Why would he want to spend so much time away from you and the baby?

Because parenting is stressful and he misses his old life. Like lots of men, he likes the idea of being a father but not the reality.

3rdNamechange · 20/09/2020 18:26

A 'gaming schedule' with a tiny baby. Nope

ComicePear · 20/09/2020 18:30

The good news is that he's being upfront with you about what he wants rather than just doing it - that paves the way for a rational conversation between the two of you. As you say, you need to be more explicit about what you want too.

Littlemissdaredevil · 20/09/2020 18:33

My DH is a gamer (and he was a massive twat spending 95% of his pat leave gaming). Believe me you need to put your foot down NOW.
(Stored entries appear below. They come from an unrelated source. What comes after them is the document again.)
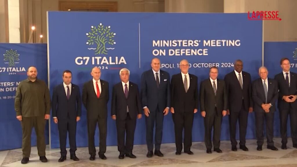 Foto di famiglia al coperto per i ministri della Difesa del G7 riuniti a Napoli. Il maltempo che da due giorni si è abbattuto sul capoluogo partenopeo ha costretto gli organizzatori a rinunciare alla tradizionale foto di famiglia all’aperto, sul terrazzo del Palazzo Reale con vista sul golfo di Napoli e sul Vesuvio. La foto è stata quindi scattata negli interni della reggia borbonica. Hanno preso parte alla foto di famiglia: Guido Crosetto, ministro della Difesa italiano; John Healey, segretario di Stato per la Difesa del Regno Unito; Bill Blair, ministro della Difesa del Canada; Boris Pistorius, ministro federale della Difesa della Germania; Gen Nakatani, ministro della Difesa del Giappone; Lloyd Austin, Segretario della Difesa degli Stati Uniti d’America; Sebastien Lecornu, ministro delle Forze armate della Francia; Mark Rutte, segretario generale della Nato; Josep Borrell, Alto rappresentante dell’Unione Europea per gli affari esteri e la politica di sicurezza. Con loro anche Rustem Umerov, ministro ucraino della Difesa, che partecipa alla sessione pomeridiana che ha come focus proprio la guerra in Ucraina.
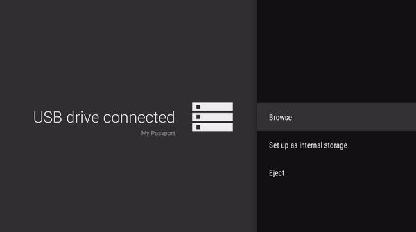 Подключил через USB-порт внешний накопитель с медиафайлами. Устройство его увидело.
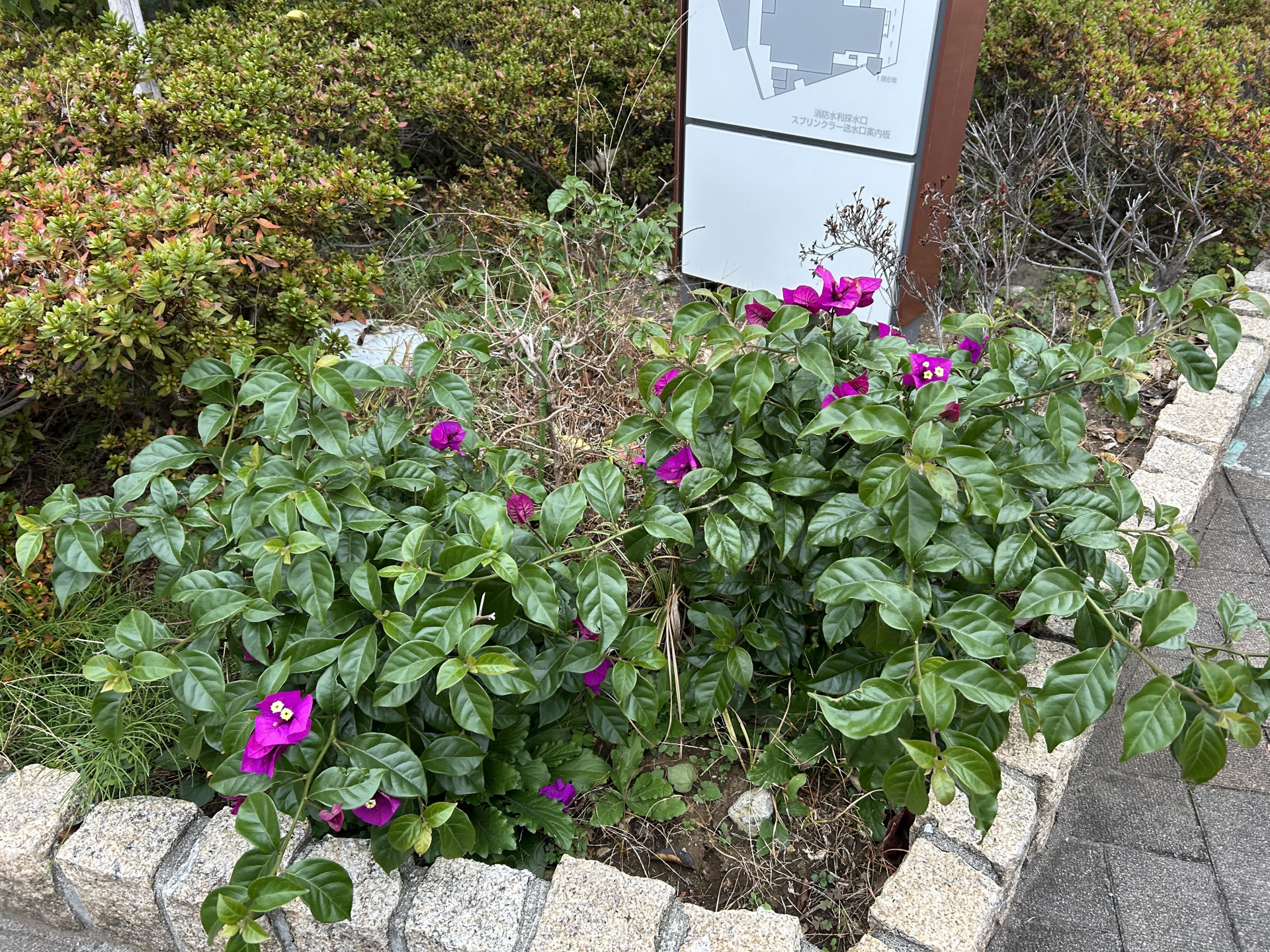 見に行ってみたら、2年前に地植えしたブーゲンビリアが咲いていました!!
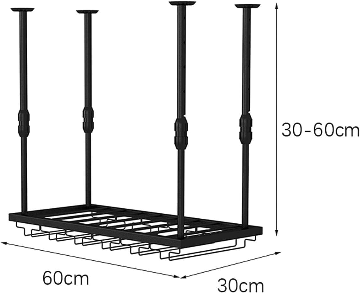 Enhance your space with this Adjustable Hanging Wine Rack, a stylish and functional ceiling-mounted solution ideal for any wine lover’s home or commercial setting. Made from wrought iron, this floating wine rack boasts a retro country design and nano-painted finish that resists wear and rust while adding vintage charm.Available in 60cm or 80cm length options, this wine rack supports both goblets and mugs with its multi-layer storage layout. The adjustable width and height make it suitable for diverse spaces like kitchens, bars, wine cellars, restaurants, and storage rooms. Its ceiling-mounted design not only saves space but also turns your wine collection into an eye-catching display.Material: IronColor: BlackSize Options: 60cm or 80cm length x 30cm widthPackage Includes: 1 x Wine Rack (Goblet Holder or Goblet + Mug Holder)Note: Due to lighting and monitor differences, the actual color may slightly vary. Manual measurements may have minor size deviations.
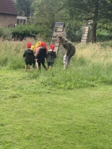 Ze hebben onder andere kleine kriebelbeestjes gezocht, een afdruk van de schors van een boom gemaakt en een regenworm over hun hand laten lopen. Ook hebben ze bij elke opdracht een huisje gezocht waar kabouters wonen. Een van de leerlingen uit groep 1 vraagt zich af ,als zij het huisje ziet ,waarom het licht niet aan is.
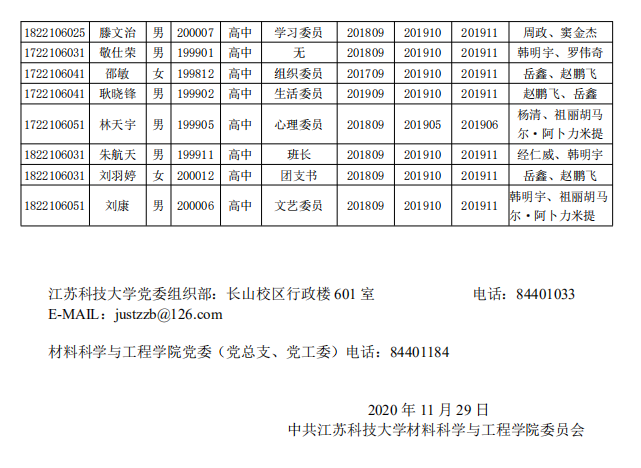 材料學(xué)院2020年下半年接收預(yù)備黨員公示
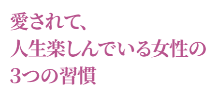 オンナとしての理想の人生を送っている人が日々、心がけている3つの習慣があります。この“3つの習慣”を取り入れていく事で、自然とあなたの内側からワクワク感が沸いてきて、男性からも女性からも愛され「オンナの楽しさ」がぐんぐん上がって行きます。^^)
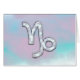Een parelmoer stijl Capricorn sterrenbeeld symbool op een zachte mix van pastel roze en blauwe print achtergrond. Een elegant ontwerp voor een geweldig persoonlijk verjaardagscadeau-idee voor haar.

When is your three evenings of leisure time each week and one whole day off!

You need a schedule divided into work (looking after the kids of your work on mat leave), family time, housework and leisure. I expect all you time will be coloured in with work (looking after the kids is your work on mat leave), housework with zero/little family time and/or leisure. Compare with his chart which will have work and leisure time with a tiny amount of time allocated to family time and housework

AlrightTreacle · 20/09/2020 21:07

I just need to be clearer about my needs too

Don't put the blame on yourself here OP; he shouldn't need it explaining that his priority now is looking after his daughter, and his hobbies will have to take a back seat for now.

Good luck with nipping it in the bud now though.